● **TASK OBJECTIVE**
Using the data below, reproduce exactly the lines from the line with "通常外壁塗装で多く見られるの" to the line with "首页 > 广播、电视、电影设备", both included; pictures must be dropped.

##### MATERIAL FOR THIS EXERCISE

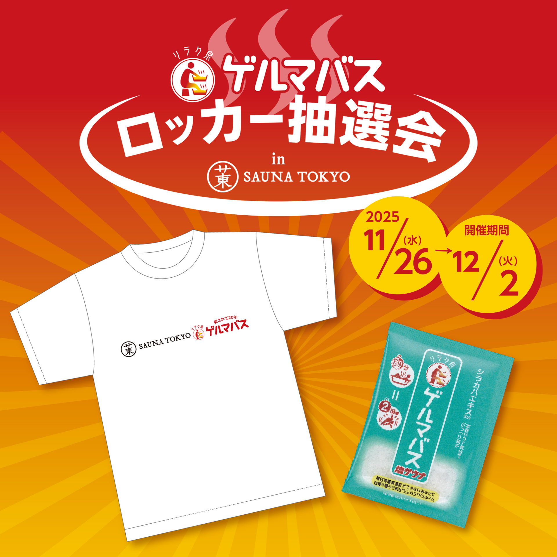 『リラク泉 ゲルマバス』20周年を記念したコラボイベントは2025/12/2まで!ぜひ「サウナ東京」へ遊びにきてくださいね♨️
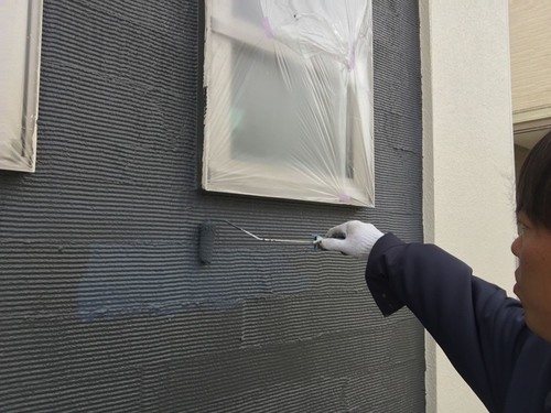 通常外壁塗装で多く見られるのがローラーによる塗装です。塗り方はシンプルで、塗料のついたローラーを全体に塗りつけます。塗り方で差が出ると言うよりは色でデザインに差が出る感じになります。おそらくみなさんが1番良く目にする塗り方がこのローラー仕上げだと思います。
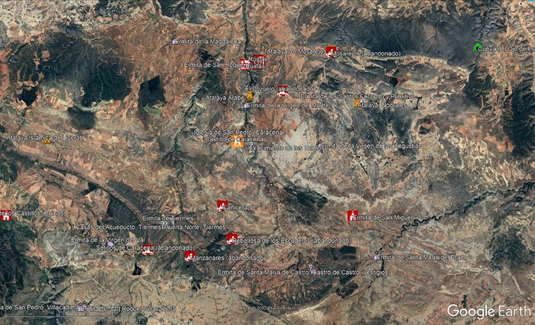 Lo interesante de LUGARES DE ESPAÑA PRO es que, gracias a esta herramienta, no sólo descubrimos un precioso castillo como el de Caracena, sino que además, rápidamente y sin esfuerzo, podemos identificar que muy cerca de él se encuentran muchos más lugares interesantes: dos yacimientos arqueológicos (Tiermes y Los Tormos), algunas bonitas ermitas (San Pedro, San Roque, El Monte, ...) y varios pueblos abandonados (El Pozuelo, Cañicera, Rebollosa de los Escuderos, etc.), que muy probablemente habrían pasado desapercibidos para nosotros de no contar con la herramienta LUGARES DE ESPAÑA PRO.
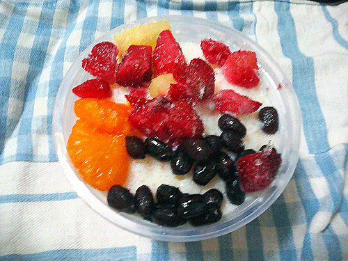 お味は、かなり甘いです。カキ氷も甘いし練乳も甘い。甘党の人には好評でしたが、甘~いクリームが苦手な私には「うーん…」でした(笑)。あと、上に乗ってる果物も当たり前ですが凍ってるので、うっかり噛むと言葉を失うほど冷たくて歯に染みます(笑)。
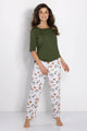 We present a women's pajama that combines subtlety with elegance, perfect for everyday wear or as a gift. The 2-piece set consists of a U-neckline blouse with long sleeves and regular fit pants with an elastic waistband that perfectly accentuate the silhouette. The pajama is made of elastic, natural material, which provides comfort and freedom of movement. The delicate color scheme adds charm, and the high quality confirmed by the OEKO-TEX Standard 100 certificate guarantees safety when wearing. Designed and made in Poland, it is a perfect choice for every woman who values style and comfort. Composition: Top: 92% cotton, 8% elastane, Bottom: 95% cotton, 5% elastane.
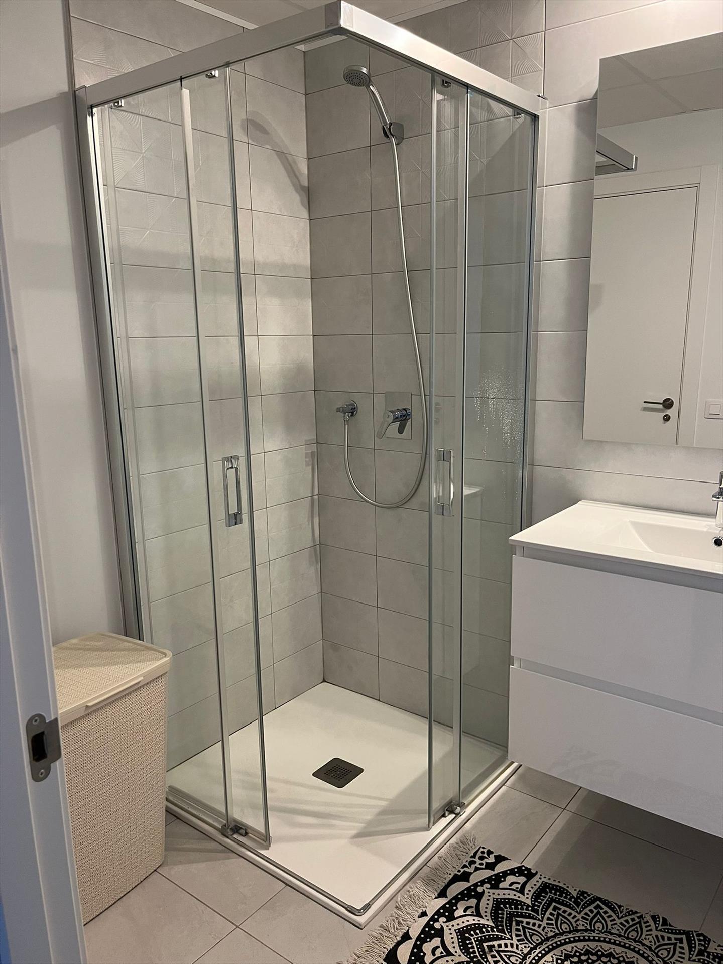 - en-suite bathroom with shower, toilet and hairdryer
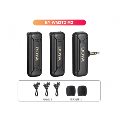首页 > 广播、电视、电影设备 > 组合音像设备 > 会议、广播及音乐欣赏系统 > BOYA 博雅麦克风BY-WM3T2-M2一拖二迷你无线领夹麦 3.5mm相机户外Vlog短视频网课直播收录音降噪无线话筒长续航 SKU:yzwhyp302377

##########
##### MATERIAL FOR THIS EXERCISE

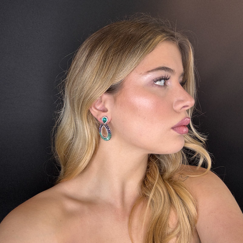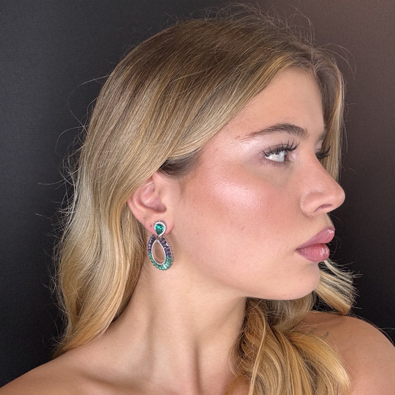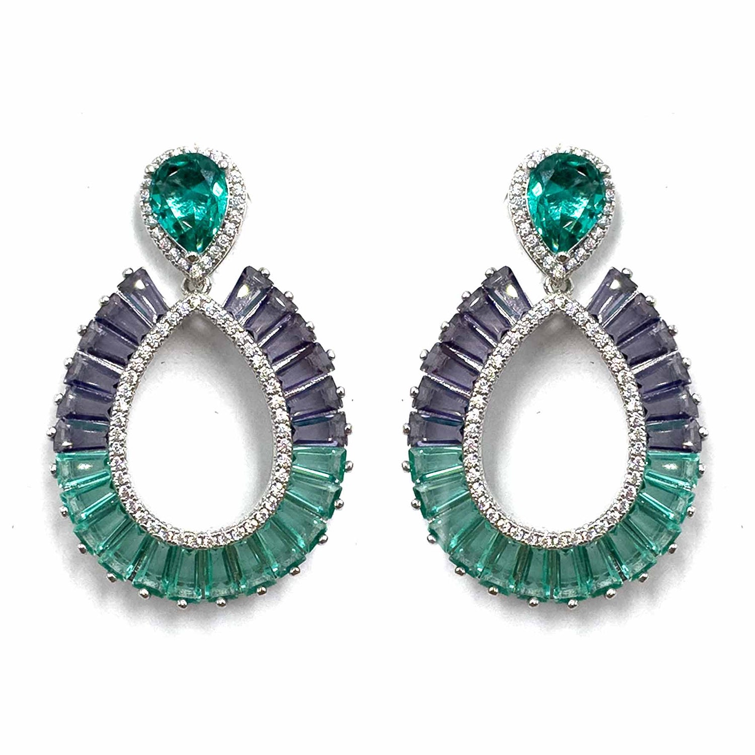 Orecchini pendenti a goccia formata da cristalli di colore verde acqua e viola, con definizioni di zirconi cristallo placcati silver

##########

● **RESULT OF THIS TASK**
 通常外壁塗装で多く見られるのがローラーによる塗装です。塗り方はシンプルで、塗料のついたローラーを全体に塗りつけます。塗り方で差が出ると言うよりは色でデザインに差が出る感じになります。おそらくみなさんが1番良く目にする塗り方がこのローラー仕上げだと思います。
 Lo interesante de LUGARES DE ESPAÑA PRO es que, gracias a esta herramienta, no sólo descubrimos un precioso castillo como el de Caracena, sino que además, rápidamente y sin esfuerzo, podemos identificar que muy cerca de él se encuentran muchos más lugares interesantes: dos yacimientos arqueológicos (Tiermes y Los Tormos), algunas bonitas ermitas (San Pedro, San Roque, El Monte, ...) y varios pueblos abandonados (El Pozuelo, Cañicera, Rebollosa de los Escuderos, etc.), que muy probablemente habrían pasado desapercibidos para nosotros de no contar con la herramienta LUGARES DE ESPAÑA PRO.
 お味は、かなり甘いです。カキ氷も甘いし練乳も甘い。甘党の人には好評でしたが、甘~いクリームが苦手な私には「うーん…」でした(笑)。あと、上に乗ってる果物も当たり前ですが凍ってるので、うっかり噛むと言葉を失うほど冷たくて歯に染みます(笑)。
 We present a women's pajama that combines subtlety with elegance, perfect for everyday wear or as a gift. The 2-piece set consists of a U-neckline blouse with long sleeves and regular fit pants with an elastic waistband that perfectly accentuate the silhouette. The pajama is made of elastic, natural material, which provides comfort and freedom of movement. The delicate color scheme adds charm, and the high quality confirmed by the OEKO-TEX Standard 100 certificate guarantees safety when wearing. Designed and made in Poland, it is a perfect choice for every woman who values style and comfort. Composition: Top: 92% cotton, 8% elastane, Bottom: 95% cotton, 5% elastane.
 - en-suite bathroom with shower, toilet and hairdryer
首页 > 广播、电视、电影设备 > 组合音像设备 > 会议、广播及音乐欣赏系统 > BOYA 博雅麦克风BY-WM3T2-M2一拖二迷你无线领夹麦 3.5mm相机户外Vlog短视频网课直播收录音降噪无线话筒长续航 SKU:yzwhyp302377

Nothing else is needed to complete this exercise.